Professor Kirsti Bohata and Professor Daniel G. Williams
Founding Editor: Professor M. Wynn Thomas (2004–15)
CREW ( Centre for Research into the English Literature and Language of Wales ) Swansea University
i Angela, Kate and Matthew
Bee
A dark, velvet chocolate,
unmoving. In changing light,
becoming the colour of coffee.
Tiny, fragile wings, like rice paper,
lifting slowly from its body,
legs extended, turning its weight
toward my naked finger, my spoon
which is not vulnerable,
before rising, like a helicopter,
into its disappearance.
A CKNOWLEDGEMENTS
Like all books by teachers in higher education, especially those that chart new territory, this work has benefited from discussions with students and colleagues and participation in conferences and research seminars in the UK and across the world. I am grateful to all at the Prince’s School of Traditional Arts, especially my Doctoral students, who have contributed to the development of my thoughts and arguments in ways in which some of them may not even be fully aware.
I have been inspired by colleagues and scholars who have argued for, and have demonstrated in their own works, an interdisciplinary approach to the literature, history and geography of Wales and especially by those who have pursued relationships between Welsh- and English-language writings. Above all, I am indebted to the works, cited in this book, that have opened up for us the interconnections between animal studies and the relational cosmology revealed by the natural and physical sciences.
I am grateful for the encouragement and support of the University of Wales Press, especially Dr Llion Wigley (commissioning editor, Welsh Language and Topics) and his colleagues in the production and marketing divisions.
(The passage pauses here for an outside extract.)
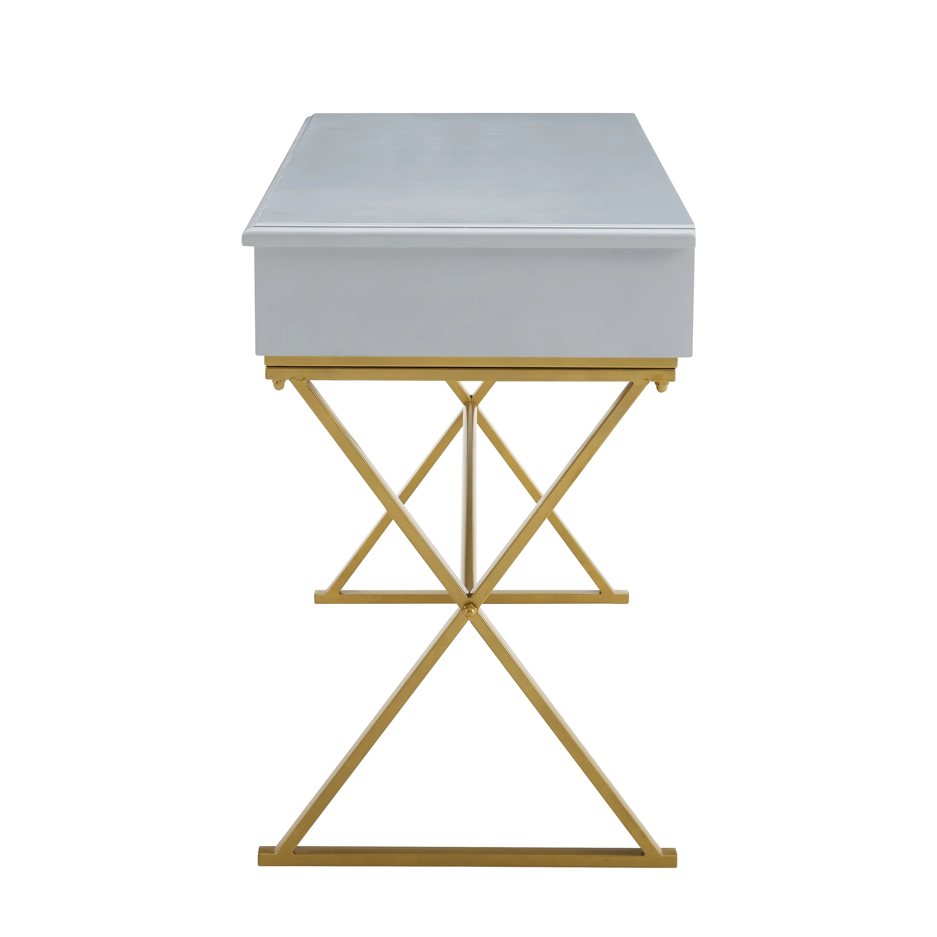 Linon Paynter 2-Drawer X-Frame Desk, 47.25″ Wide, Gray Finish with Gold Metal Legs

Many authors are indebted to the patience and support of their families who are up to their necks in their own projects, and, once again, I am pleased to gratefully acknowledge my wife, Angela, and Kate and Matthew to whom this book is dedicated.
O VERVIEW
Given that human–animal encounters permeate Welsh- and English-language Welsh writing, it is disappointing that they have received so little critical attention. This book is intended to introduce readers to a broad range of ideas and themes in animal studies and provide frameworks within which to discuss modern Welsh writing about animals and animality.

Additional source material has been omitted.